Agriculture, especially animal production, is one of the most important factors influencing greenhouse gases in the atmosphere and causing global warming. The ventilation system in a piggery has a significant impact to carbon dioxide (CO2) and nitrous oxide (N2O) concentrations. The concentrations of these gases in pig housing also affect the air quality and welfare of animals. The aim of the paper was to analyze the effect of ventilation system intensity on the concentration of CO2 and N2O in a piggery.
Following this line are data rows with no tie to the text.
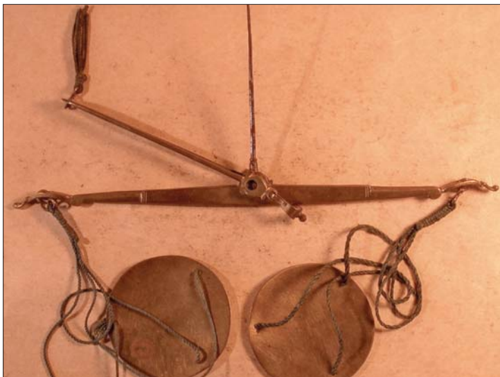
Abb. 4: Die Messingwaage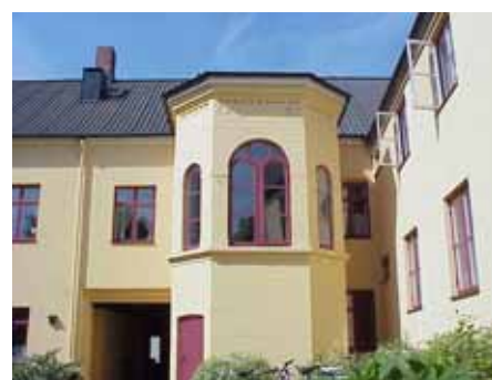
BRIGITTA 33 A från NO TRAPP- TORN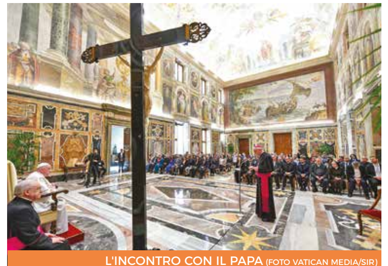
L'INCONTRO CON IL PAPA

La «buona politica» deve essere sostenuta da una spiritualità fatta di «tenerezza» e «fecondità».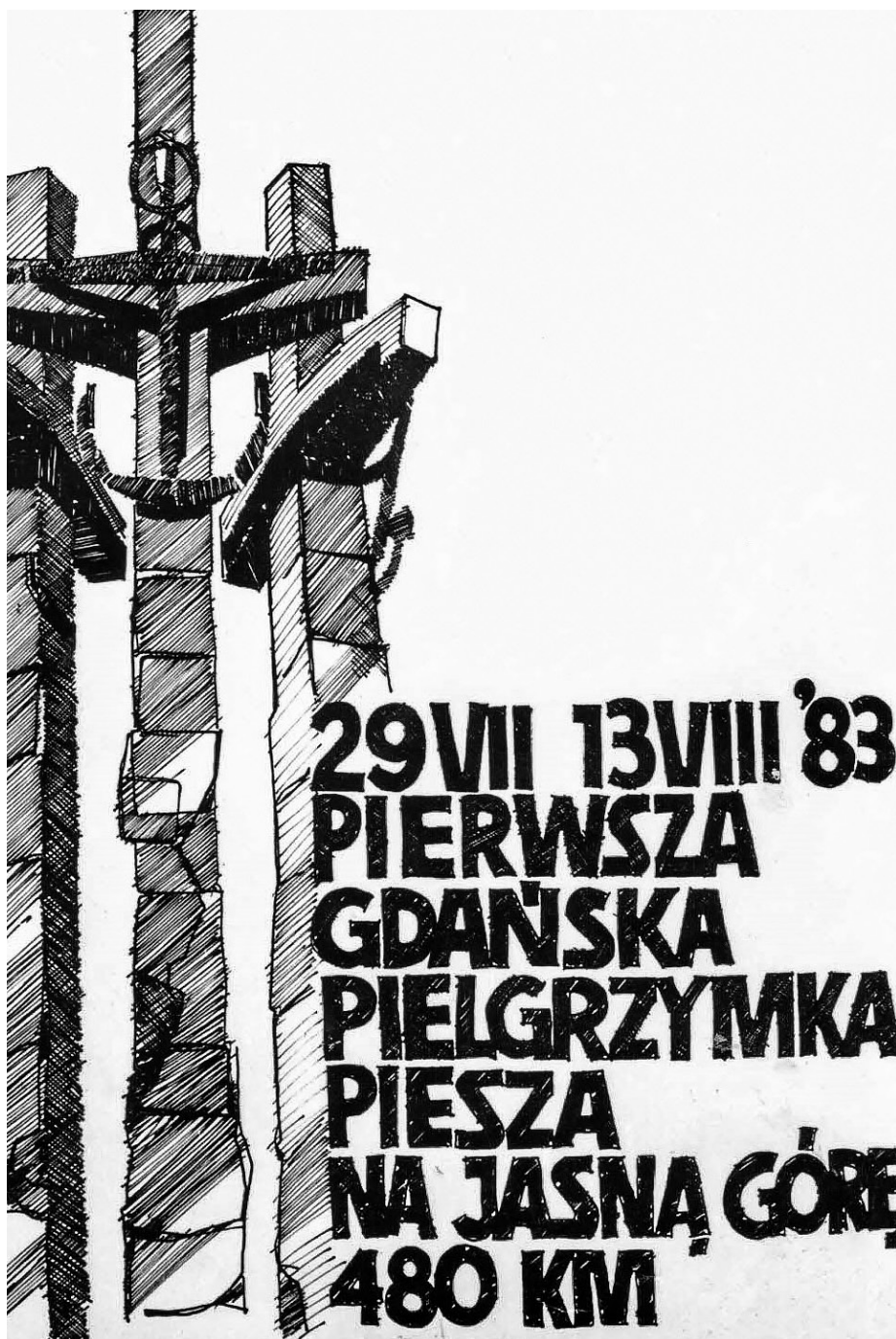
Ilustracja 45. Pocztcówka z I Gdańskiej Pielgrzymki Pieszej na Jasną Górę. 29 VII – 13 VIII 1983 r. (Zbiory prywatne autora).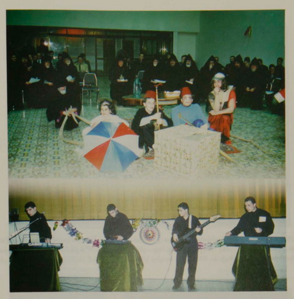
13 Յունուար 1996.- Կաղանդի գիշերուան յայտագրին մէջ ժառանգաւորացի նուագախումբը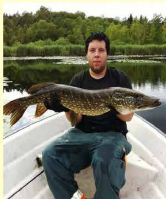
Gädda på 13 kg, tagen i Bälingsjön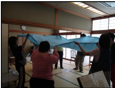
『音楽』メロディーに合わせて パラバルーンを膨らませます。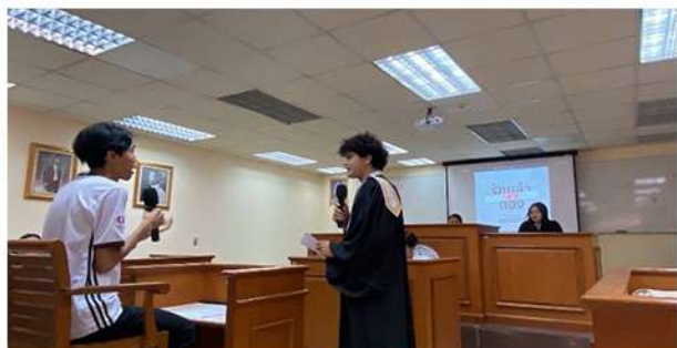
วันที่ 24 เมษายน 2567 นักศึกษาชั้นปี 3 คณะนิติศาสตร์จัดการแสดงศาลจำลองโดยใช้ชื่อการแสดงว่า “รักแล้วต้องไป (ศาล) ไหน” ณ ห้องศาลจำลอง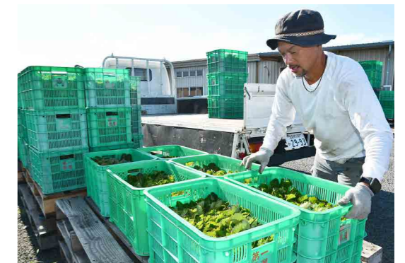
生産者によって持ち込まれるイチゴ苗

JAいちご部会で、株冷(低温暗黒処理)作業が行われました。同部会では、安定した出荷量の確保や収量アップに向け毎年取り組んでいます。株冷、夜冷処理した苗と普通苗を定植することで花芽の分化を促進し、収穫時期を調整。クリスマスや年末年始などの需要期に合わせた出荷による有利販売を目指します。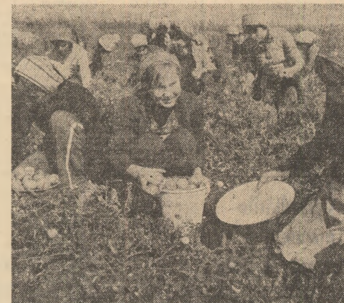
Zile pline de lucru în grădina de legume ale județului Giurgiu, prin prezența tinerilor la cules

An experiment was carried out at the Experimental Centre for Livestock at the Department of Animal Husbandry, Faculty of Agrobiology and Food Resources, the Slovak University of Agriculture in Nitra, Slovakia. The concentrations were measured by a photoacoustic field gas monitor INNOVA 1412 connected to a multipoint sampler INNOVA 1309. Three levels of ventilation system intensity were used: low, medium and high. Fattening pigs, the Large White breed were housed in the piggery. For our experiment, three sensors were used inside and two sensors outside the barn. Based on the gathered data, statistically significant differences were found between different ventilation system intensities at a 95.0% confidence level. The concentration of gases fluctuates during day time interval and, based on the results, it is possible to set up a ventilation system intensity to create the best possible air quality in a building for pigs.